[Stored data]

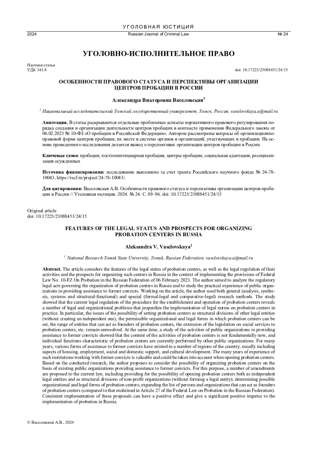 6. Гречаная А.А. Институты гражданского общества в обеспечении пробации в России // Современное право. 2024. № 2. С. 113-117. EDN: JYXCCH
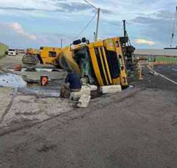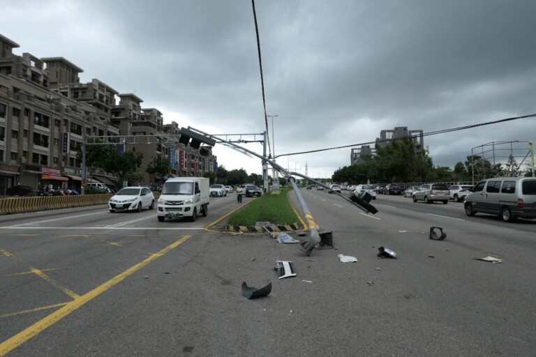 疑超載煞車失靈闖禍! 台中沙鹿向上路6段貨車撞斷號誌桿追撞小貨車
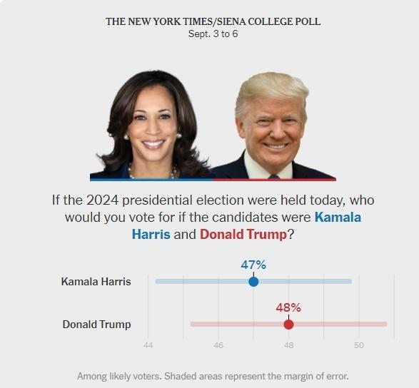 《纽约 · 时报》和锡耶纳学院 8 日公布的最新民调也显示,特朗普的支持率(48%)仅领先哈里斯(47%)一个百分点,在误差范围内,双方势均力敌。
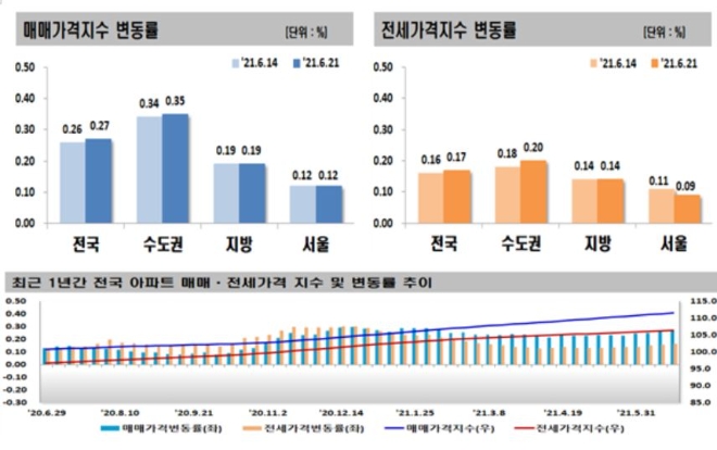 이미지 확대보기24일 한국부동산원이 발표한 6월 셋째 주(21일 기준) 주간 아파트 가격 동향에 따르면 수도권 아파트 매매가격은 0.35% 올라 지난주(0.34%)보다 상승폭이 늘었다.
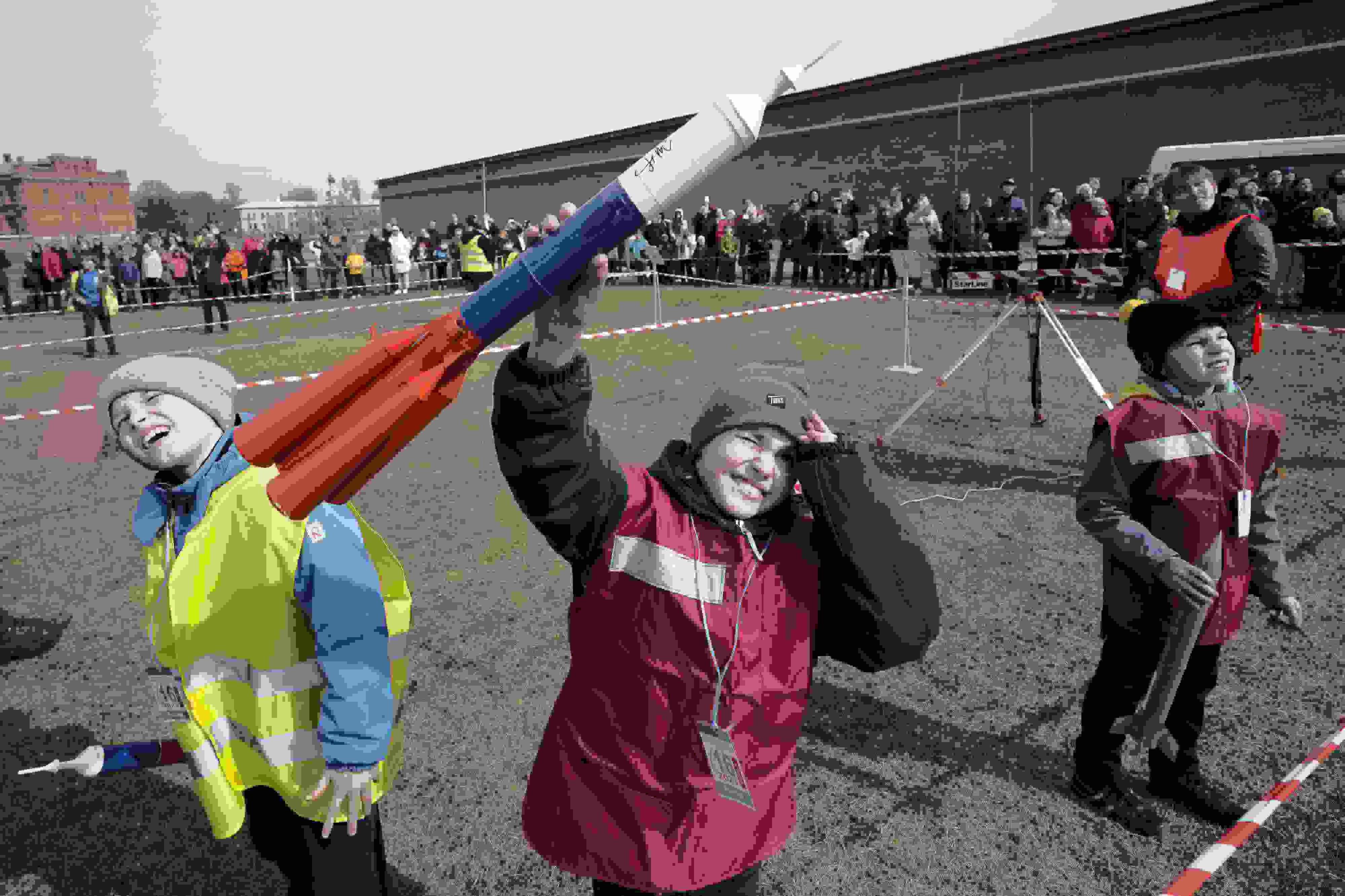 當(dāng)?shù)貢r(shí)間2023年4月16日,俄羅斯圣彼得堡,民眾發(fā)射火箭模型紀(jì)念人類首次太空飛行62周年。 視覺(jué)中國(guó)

Task instructions - Output all of the records word for word, and keep the pictures out of the copy.

Solution to the problem -
 6. Гречаная А.А. Институты гражданского общества в обеспечении пробации в России // Современное право. 2024. № 2. С. 113-117. EDN: JYXCCH
 疑超載煞車失靈闖禍! 台中沙鹿向上路6段貨車撞斷號誌桿追撞小貨車
 《纽约 · 时报》和锡耶纳学院 8 日公布的最新民调也显示,特朗普的支持率(48%)仅领先哈里斯(47%)一个百分点,在误差范围内,双方势均力敌。
 이미지 확대보기24일 한국부동산원이 발표한 6월 셋째 주(21일 기준) 주간 아파트 가격 동향에 따르면 수도권 아파트 매매가격은 0.35% 올라 지난주(0.34%)보다 상승폭이 늘었다.
 當(dāng)?shù)貢r(shí)間2023年4月16日,俄羅斯圣彼得堡,民眾發(fā)射火箭模型紀(jì)念人類首次太空飛行62周年。 視覺(jué)中國(guó)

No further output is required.